On arrival, ambulance paramedics found Mrs Combes hypoxic and in cardiac arrest with Mr Combes performing CPR. The paramedics continued to work on Mrs Combes but were unable to resuscitate her and determined that she was, unfortunately, deceased.
Upon subsequent autopsy, Dr Donald Ritchey, forensic pathologist, concluded that Mrs Combes died as a result of a pulmonary thromboembolus. I accept his opinion as to cause of death. Dr Ritchey reported that pulmonary thromboemboli begin as blood clots usually in the deep veins of the legs. When they break free they travel through the venous vascular system and the right side of the heart to become impacted in the pulmonary artery. The sudden blockage of this main artery causes enormous stress on the right side of the heart and subsequent death by cardiac arrhythmia. Dr Ritchey stated that immobilisation of the leg and obesity greatly increase the risk of development of deep vein thrombus (DVT) and pulmonary embolus (PE). I am satisfied that Mrs Combes’ immobilisation and obesity were causative factors in the development of the PE.
One issue considered in this investigation is whether Mrs Combes should have been prescribed anti-coagulation medication during her cast immobilisation period when she may have been a person at risk of suffering from DVT or PE as a result of the medical requirement for her immobilisation below the knee. Dr Anthony Bell, coronial medical consultant, provided a report in which he stated that the medical care provided to Mrs Combes was of a good standard. He noted that there is continuing debate in the literature regarding the benefit of anticoagulation in the case of below-knee injury requiring immobilisation. He reported that studies have consistently demonstrated that patients at high risk are likely to benefit from
pharmacologic prophylaxis. In this case the fact that Mrs Combes was morbidly obese placed her into a higher risk category.
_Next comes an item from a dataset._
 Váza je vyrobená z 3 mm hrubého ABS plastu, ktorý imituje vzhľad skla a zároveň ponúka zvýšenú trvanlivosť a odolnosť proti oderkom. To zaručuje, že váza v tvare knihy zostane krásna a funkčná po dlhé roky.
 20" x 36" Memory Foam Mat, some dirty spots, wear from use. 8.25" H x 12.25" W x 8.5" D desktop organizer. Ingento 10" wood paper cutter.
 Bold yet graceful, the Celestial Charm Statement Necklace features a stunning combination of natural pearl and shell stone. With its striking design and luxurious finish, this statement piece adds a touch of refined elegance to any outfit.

In the circumstances, I make no adverse comment concerning the decision not to prescribe anticoagulant medication to Mrs Combes. This decision was no doubt carefully considered. I also cannot find that, had she been so prescribed, she would not have suffered the PE.
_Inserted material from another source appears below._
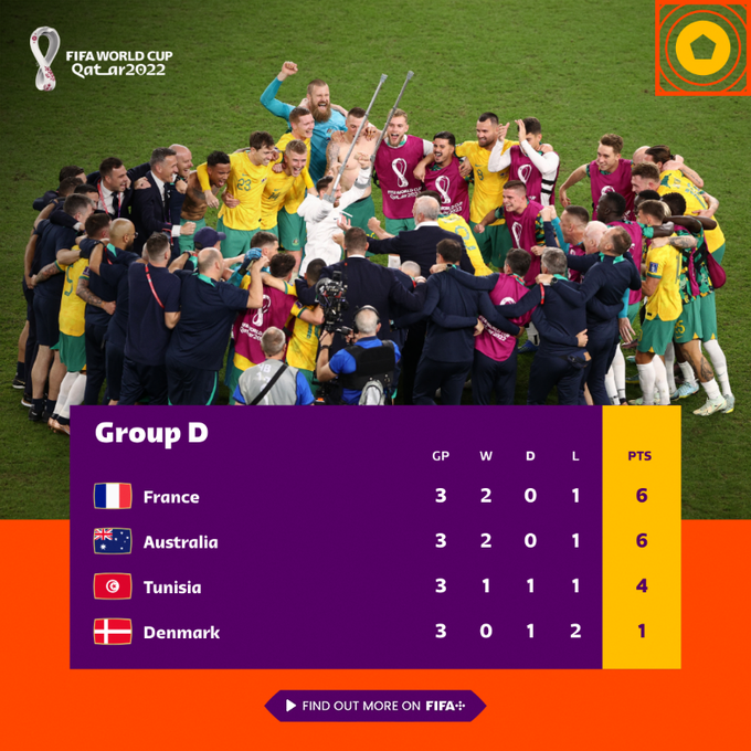 Australia keluar sebagai runner-up Grup D dengan 6 poin dari 3 laga. Anak asuh pelatih Graham Arnold ini kalah selisih gol dari Prancis yang keluar sebagai juara grup dengan perolehan poin sama.

Unfortunately Mrs Combes suffered an accidental fall, required immobilisation by a cast and developed a well-recognised complication of that immobilisation despite good medical management.
Comments and Recommendations I repeat the comments made in other recent coronial findings that treating doctors should apply an individualised approach to the question of risk of DVT and PE in each case where below-knee injury requires immobilisation.
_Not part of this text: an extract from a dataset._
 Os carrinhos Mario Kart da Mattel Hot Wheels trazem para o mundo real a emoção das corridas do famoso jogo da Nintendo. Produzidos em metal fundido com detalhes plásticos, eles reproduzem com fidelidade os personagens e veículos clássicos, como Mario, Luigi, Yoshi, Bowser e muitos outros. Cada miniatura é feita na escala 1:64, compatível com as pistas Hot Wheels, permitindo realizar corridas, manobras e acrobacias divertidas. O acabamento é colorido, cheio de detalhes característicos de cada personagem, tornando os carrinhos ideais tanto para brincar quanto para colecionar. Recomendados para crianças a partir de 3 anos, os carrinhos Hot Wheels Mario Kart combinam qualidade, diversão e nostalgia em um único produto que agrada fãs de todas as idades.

I extend my appreciation to investigating officer Constable Candice Barron for her investigation and report.
The circumstances of Mrs Margot Combes’ death are not such as to require me to make any recommendations pursuant to Section 28 of the Coroners Act 1995.
I note that Mrs Combes died as a result of the consequences of an injury occurring at her workplace. As such, her death would ordinarily be the subject of a public inquest pursuant to section 24 of the Coroners Act 1995. However, I have received a representation from the senior next of kin under section 26A(2) of the Act that he does not seek that an inquest takes place. Further, I am satisfied under section 26A(3) of the Act that it is not contrary to the public interest not to hold an inquest. In particular, there are no issues arising in the investigation regarding Mrs Combes’ workplace or employment that require comment or recommendations. I therefore decided not to hold a public inquest.
I convey my sincere condolences to the family and loved ones of Mrs Combes.
Dated: 3 January 2020 at Hobart Coroners Court in the State of Tasmania.